## Work to be completed
Your task is to transcribe the records exactly, skipping every image.

## Entries shown
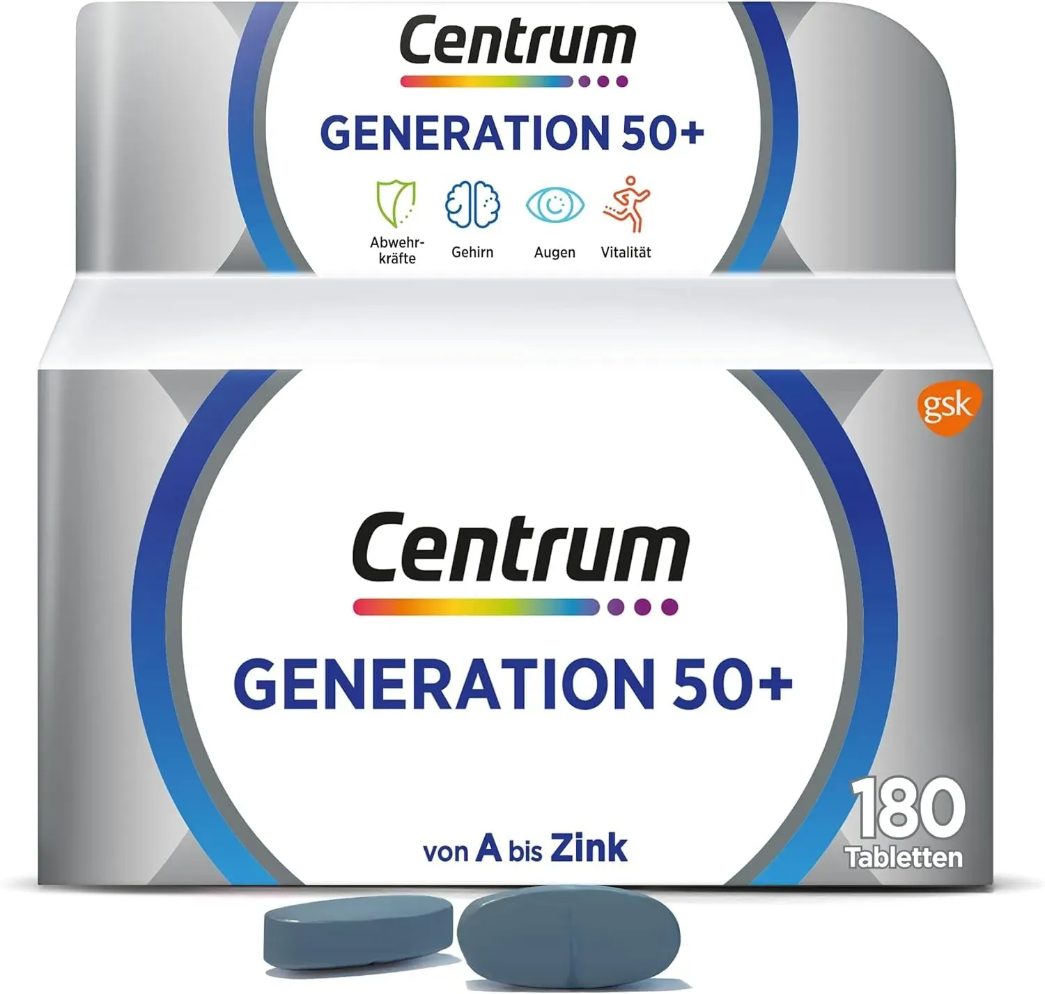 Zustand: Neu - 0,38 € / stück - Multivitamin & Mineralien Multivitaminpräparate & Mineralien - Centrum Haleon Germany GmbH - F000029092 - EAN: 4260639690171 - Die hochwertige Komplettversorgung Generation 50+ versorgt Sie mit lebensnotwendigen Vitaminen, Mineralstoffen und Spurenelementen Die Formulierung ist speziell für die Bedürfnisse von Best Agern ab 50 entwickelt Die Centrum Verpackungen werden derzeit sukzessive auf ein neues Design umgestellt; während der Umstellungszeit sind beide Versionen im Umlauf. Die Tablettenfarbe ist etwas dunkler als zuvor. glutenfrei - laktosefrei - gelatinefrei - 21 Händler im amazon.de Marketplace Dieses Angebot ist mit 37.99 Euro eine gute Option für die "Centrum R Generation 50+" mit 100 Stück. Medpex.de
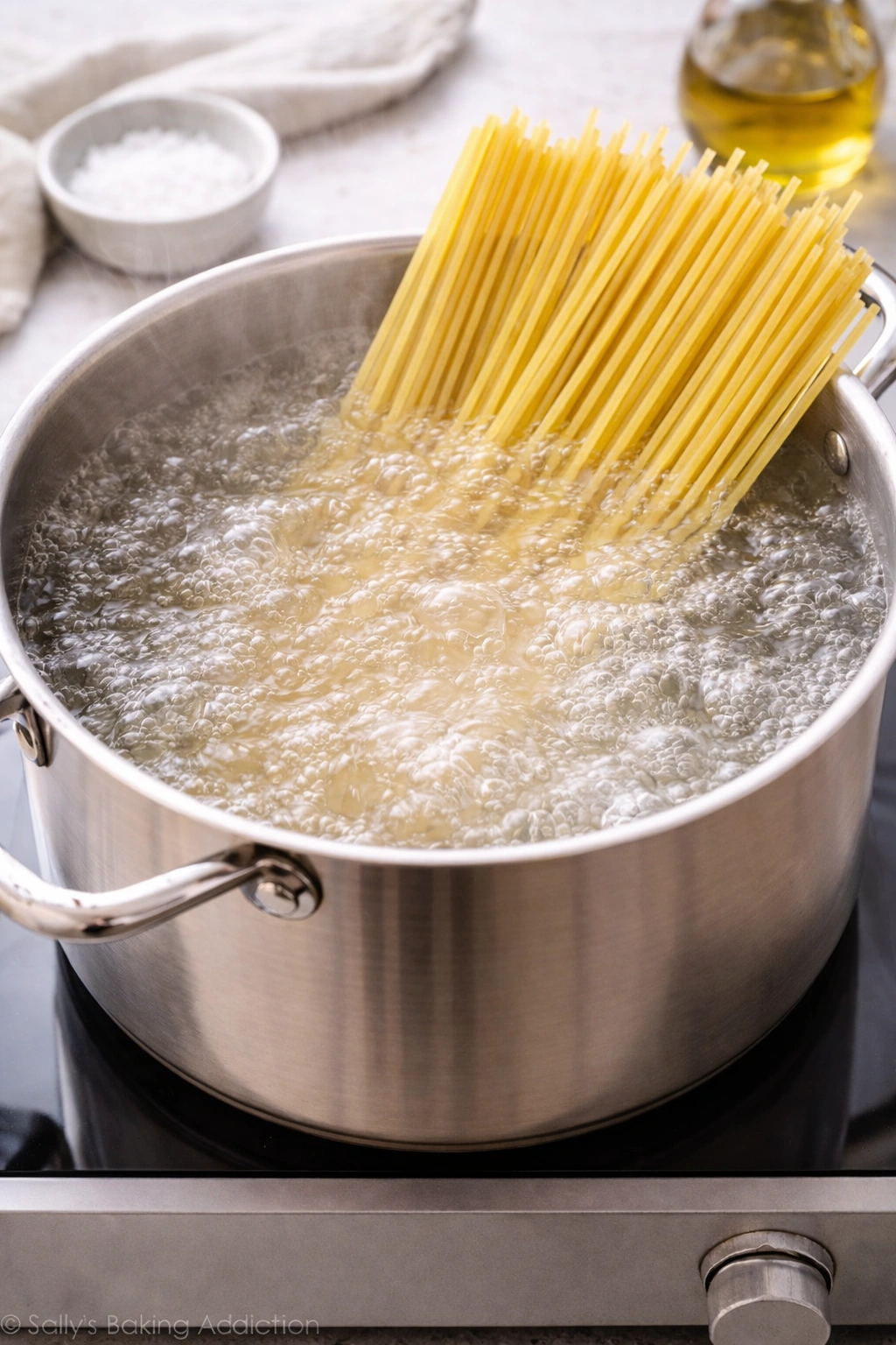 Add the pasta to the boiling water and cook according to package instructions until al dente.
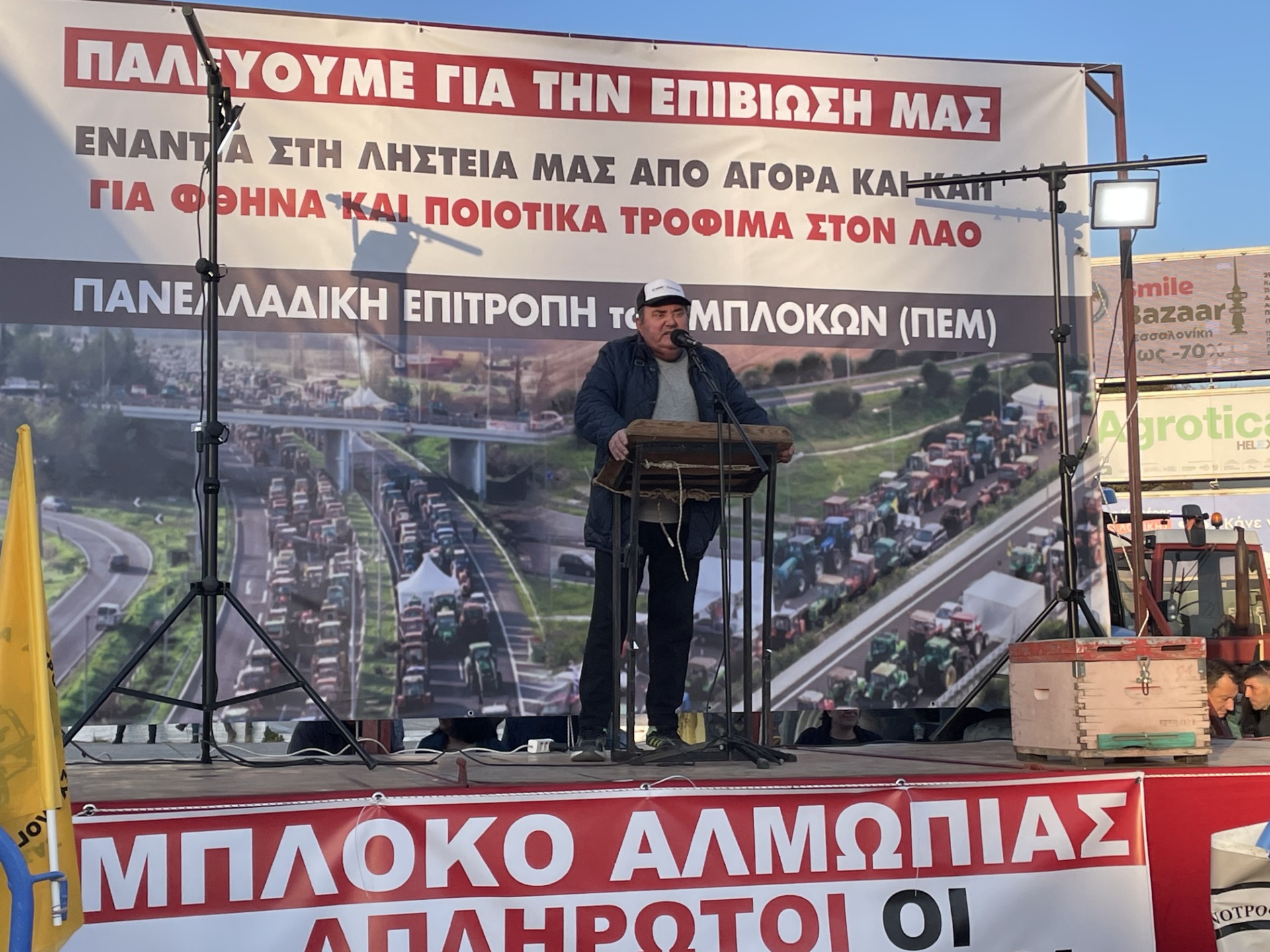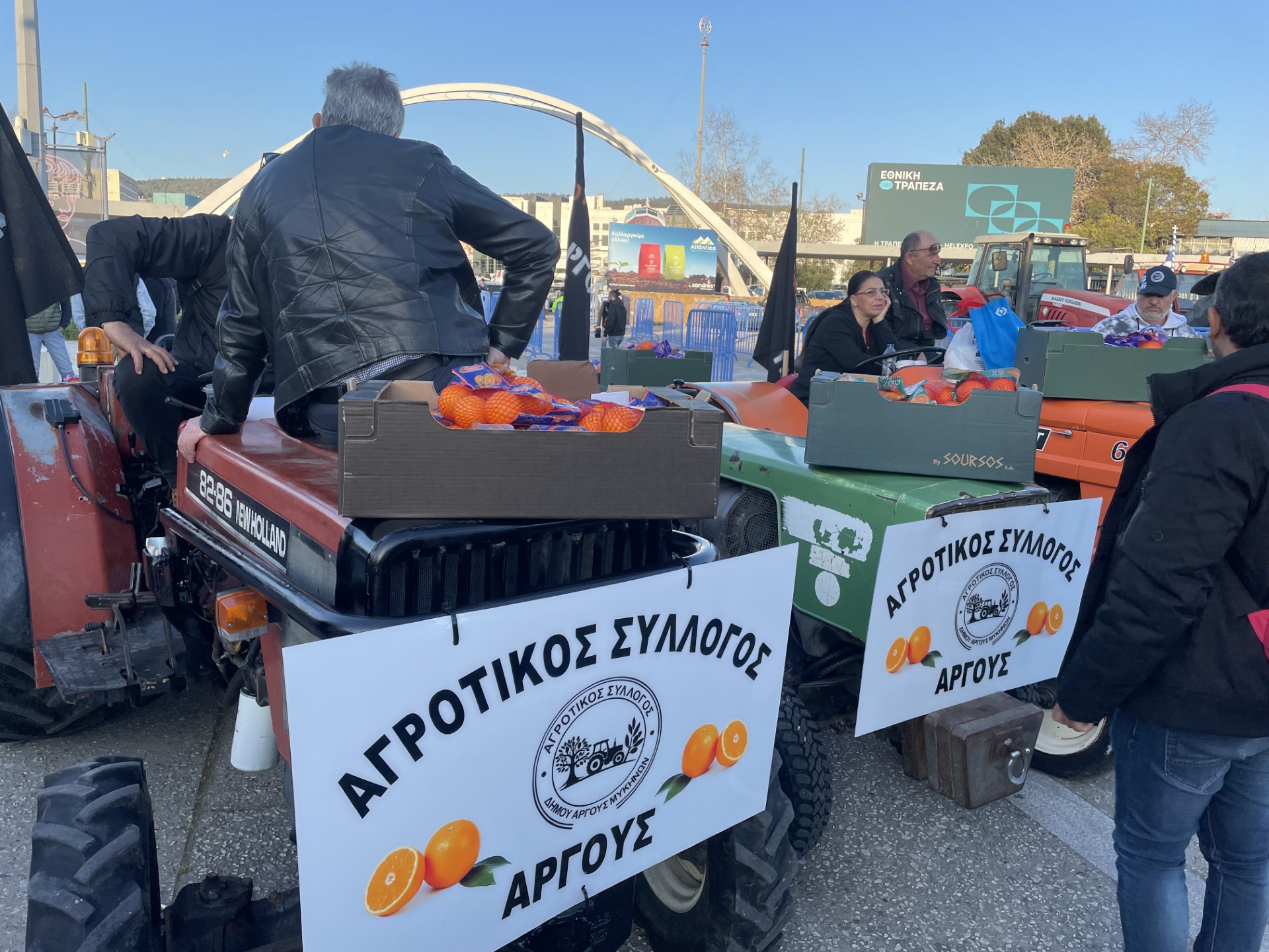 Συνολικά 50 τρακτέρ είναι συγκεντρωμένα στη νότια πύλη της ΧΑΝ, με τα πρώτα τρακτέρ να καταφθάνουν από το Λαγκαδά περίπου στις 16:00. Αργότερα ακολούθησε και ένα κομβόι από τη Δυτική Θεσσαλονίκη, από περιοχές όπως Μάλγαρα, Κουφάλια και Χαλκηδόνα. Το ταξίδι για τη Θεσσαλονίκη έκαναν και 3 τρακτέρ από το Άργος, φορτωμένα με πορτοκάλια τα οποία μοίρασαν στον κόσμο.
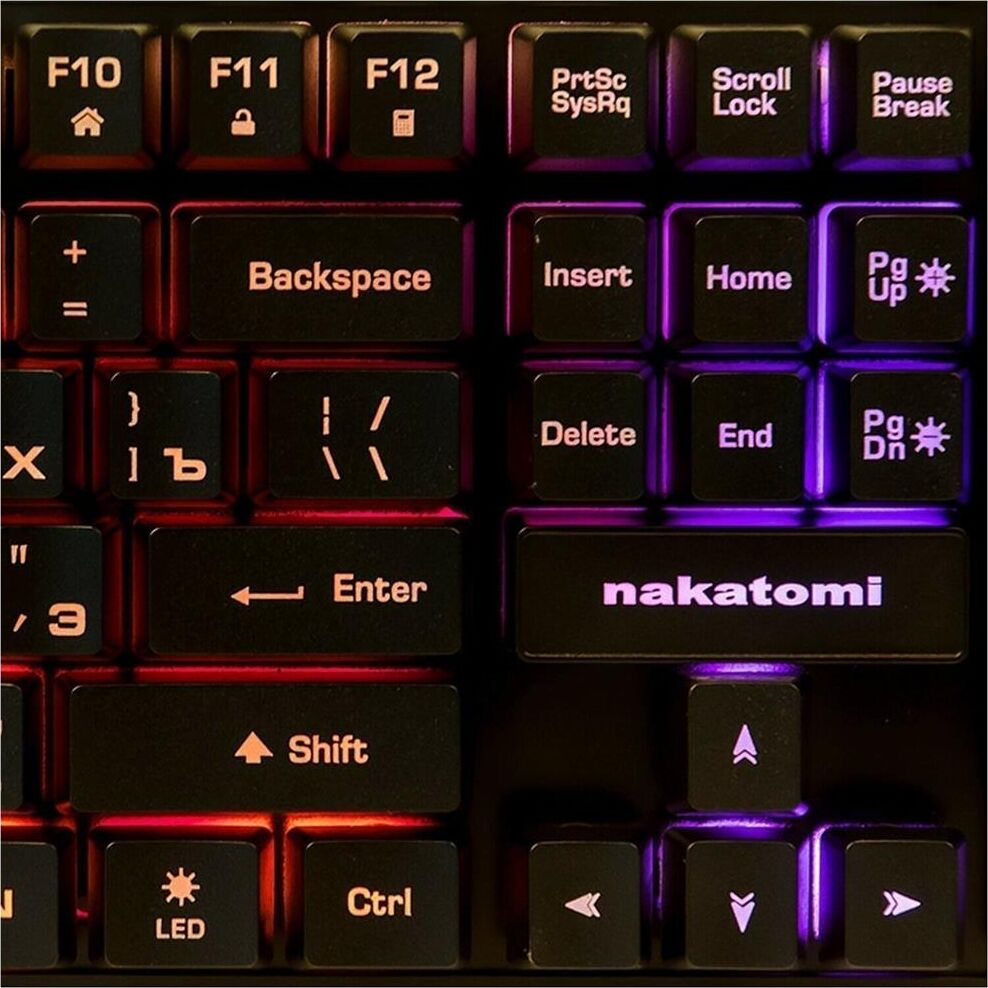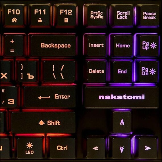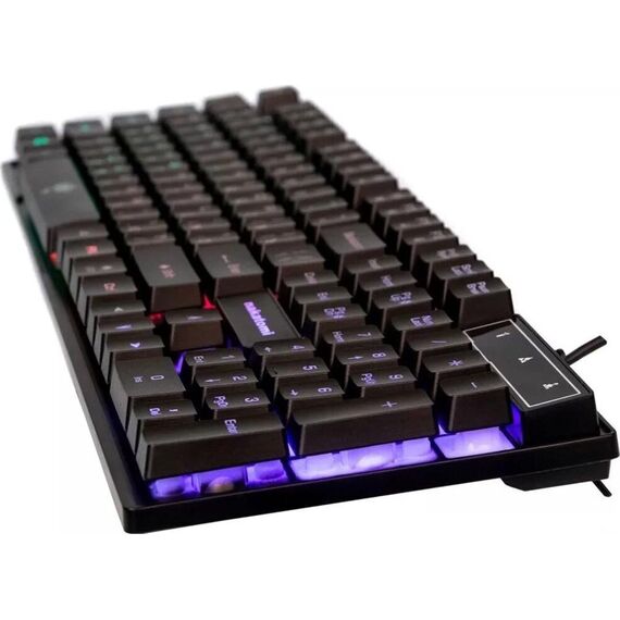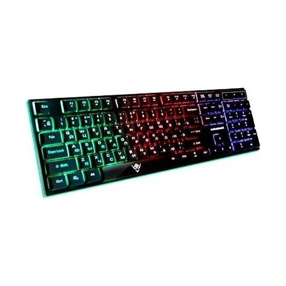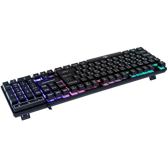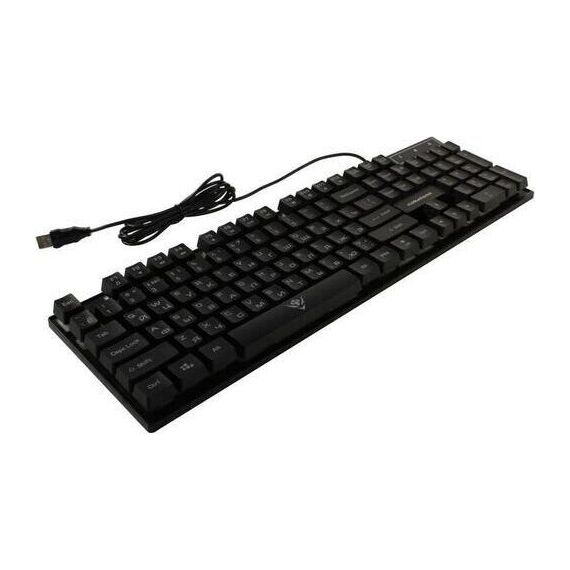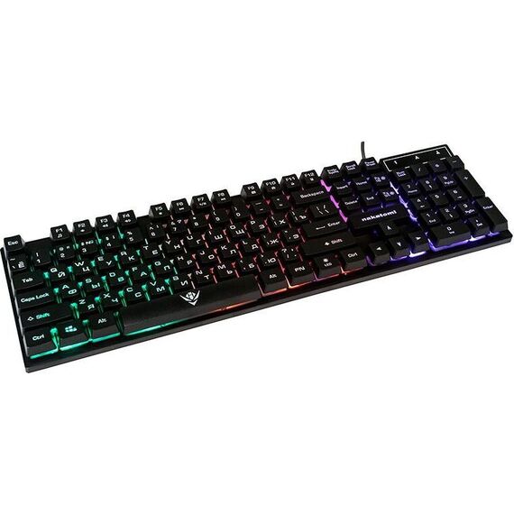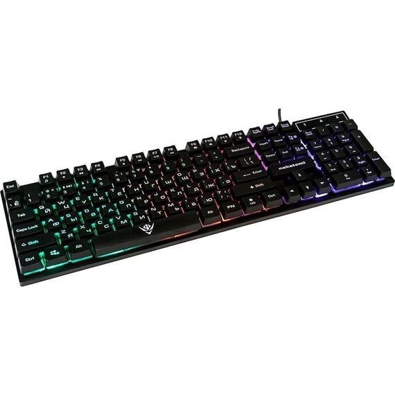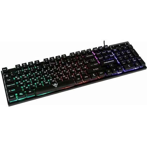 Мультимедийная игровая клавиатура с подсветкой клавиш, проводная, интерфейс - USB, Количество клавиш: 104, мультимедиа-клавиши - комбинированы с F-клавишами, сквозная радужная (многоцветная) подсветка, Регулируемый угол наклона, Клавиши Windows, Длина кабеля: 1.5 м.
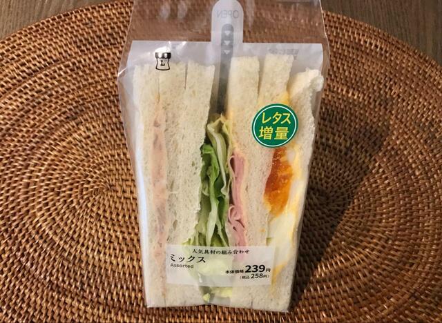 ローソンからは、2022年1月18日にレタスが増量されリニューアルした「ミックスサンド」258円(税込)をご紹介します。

## Answer section
 Zustand: Neu - 0,38 € / stück - Multivitamin & Mineralien Multivitaminpräparate & Mineralien - Centrum Haleon Germany GmbH - F000029092 - EAN: 4260639690171 - Die hochwertige Komplettversorgung Generation 50+ versorgt Sie mit lebensnotwendigen Vitaminen, Mineralstoffen und Spurenelementen Die Formulierung ist speziell für die Bedürfnisse von Best Agern ab 50 entwickelt Die Centrum Verpackungen werden derzeit sukzessive auf ein neues Design umgestellt; während der Umstellungszeit sind beide Versionen im Umlauf. Die Tablettenfarbe ist etwas dunkler als zuvor. glutenfrei - laktosefrei - gelatinefrei - 21 Händler im amazon.de Marketplace Dieses Angebot ist mit 37.99 Euro eine gute Option für die "Centrum R Generation 50+" mit 100 Stück. Medpex.de
 Add the pasta to the boiling water and cook according to package instructions until al dente.
 Συνολικά 50 τρακτέρ είναι συγκεντρωμένα στη νότια πύλη της ΧΑΝ, με τα πρώτα τρακτέρ να καταφθάνουν από το Λαγκαδά περίπου στις 16:00. Αργότερα ακολούθησε και ένα κομβόι από τη Δυτική Θεσσαλονίκη, από περιοχές όπως Μάλγαρα, Κουφάλια και Χαλκηδόνα. Το ταξίδι για τη Θεσσαλονίκη έκαναν και 3 τρακτέρ από το Άργος, φορτωμένα με πορτοκάλια τα οποία μοίρασαν στον κόσμο.
 Мультимедийная игровая клавиатура с подсветкой клавиш, проводная, интерфейс - USB, Количество клавиш: 104, мультимедиа-клавиши - комбинированы с F-клавишами, сквозная радужная (многоцветная) подсветка, Регулируемый угол наклона, Клавиши Windows, Длина кабеля: 1.5 м.
 ローソンからは、2022年1月18日にレタスが増量されリニューアルした「ミックスサンド」258円(税込)をご紹介します。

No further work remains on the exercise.